Discussion
In traditional Chinese medicine, Ginkgo leaf extract is widely used as medical herb to treat cardiovascular disorders (Xu, Hu, Shen & McQuillan, 2015). It has been reported that GGC isolated from Ginkgo leaf , can exhibit diverse pharmacological properties (Huang et al., 2014; Huang, Chen, Liu, Wu & Liou, 2018; Liou, Lai, Chen, Wang, Wei & Huang, 2015; Zhang et al., 2018). This is the first investigation that has analyzed the potential impact of GGC and its mechanism in NSCLC model. We found that GGC diminished activation of STAT3 as well as that of JAK1, JAK2, and c-Src phosphorylation. This inhibition led to an induction in the expression of phosphatase PTPε. GGC also mitigated proliferation and promoted apoptosis through down-regulating STAT3 signaling cascade. Moreover, it attenuated tumor growth and survival in a xenograft mouse model without displaying any toxicity.
Aberrant STAT3 activation has been associated with various tumors, including head and neck, lung, breast, prostate, kidney, pancreas, liver cancer, lymphomas, and multiple myeloma (Banerjee & Resat, 2016; Bharti, Donato & Aggarwal, 2003; Chai et al., 2016; Hwang et al., 2019; Jung et al., 2018). We first investigated if GGC could alter constitutive and inducible STAT3 phosphorylation in NSCLC cells. We noted that GGC abrogated STAT3 phosphorylation and localization of this protein into the nucleus. Phosphorylation of JAKs has been linked to STAT3 activation (Ahn, Sethi, Sung, Goel, Ralhan & Aggarwal, 2008; Baek et al., 2017; Bowman, Garcia, Turkson & Jove, 2000). Interestingly, GGC mitigated JAK1, JAK2, as well as c-Src phosphorylation substantially and overexpression of STAT3 not only alleviated the inhibitory actions of GGC on p-STAT3 levels but also relieved apoptosis caused by this agent.
Recently, many studies have reported that protein tyrosine phosphatases (PTPs) may negatively control STAT3 signaling pathway (Ahn, Sethi, Sung, Goel, Ralhan & Aggarwal, 2008; Baek et al., 2016a; Baek et al., 2016b; Kim, Morales, Jang, Cho & Kim, 2018). We noted that GGC may have altered STAT3 activation by causing the modulation of PTPs. Interestingly, GGC promoted PTPε expression at protein and mRNA levels. Moreover, GGC could increase PTPε M expression also at mRNA levels. Moreover, the silencing of PTPε expression repudiated GGC-driven attenuation of STAT3 activation and induction of apoptosis. However, how GCC can stimulate PTPε levels and if GCC can also alter, its activity needs additional investigations.
It has been reported that reduction of STAT3 activity may decrease the survival ability of tumor cells (Aoki, Feldman & Tosato, 2003). Hence, we observed if GGC could alter proliferation and promote apoptosis in NSCLC cells. GGC induced apoptotic death was detected by cell cycle, annexin V and TUNEL assays. We demonstrated that GGC caused sub-G1 arrest, early apoptosis, and mediated the activation of caspase-3 and PARP. In addition, we noted that GGC dramatically reduced the expression of oncogenic molecules such as anti-apoptotic and metastasis promoting proteins that may contribute to its varying anti-neoplastic activities.
In a NSCLC preclinical model, GGC significantly suppressed lung tumor growth, altered the levels of p-STAT3, PTPε, and caspase-3 in treated groups. These modifications are consonant with its observed in vitro actions and were noted in the absence of any adverse effects. Thus, our preclinical studies imply that GGC may have a potential as a novel therapeutic agent for the management of NSCLC.
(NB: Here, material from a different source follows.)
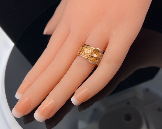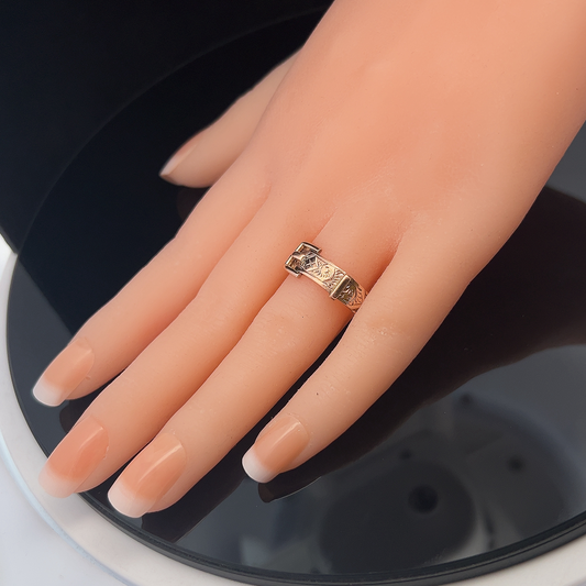 Antique Edwardian 9ct Gold Buckle Ring with Hearts Motif

In summary, it was noticed that GGC can exert pleiotropic anti-neoplastic effects through modulating STAT3 signaling pathway by affecting the PTPε expression. Taken together, GGC may act as an effective inhibitor of STAT3 phosphorylation and its function can be investigated further in alleviation of different malignancies.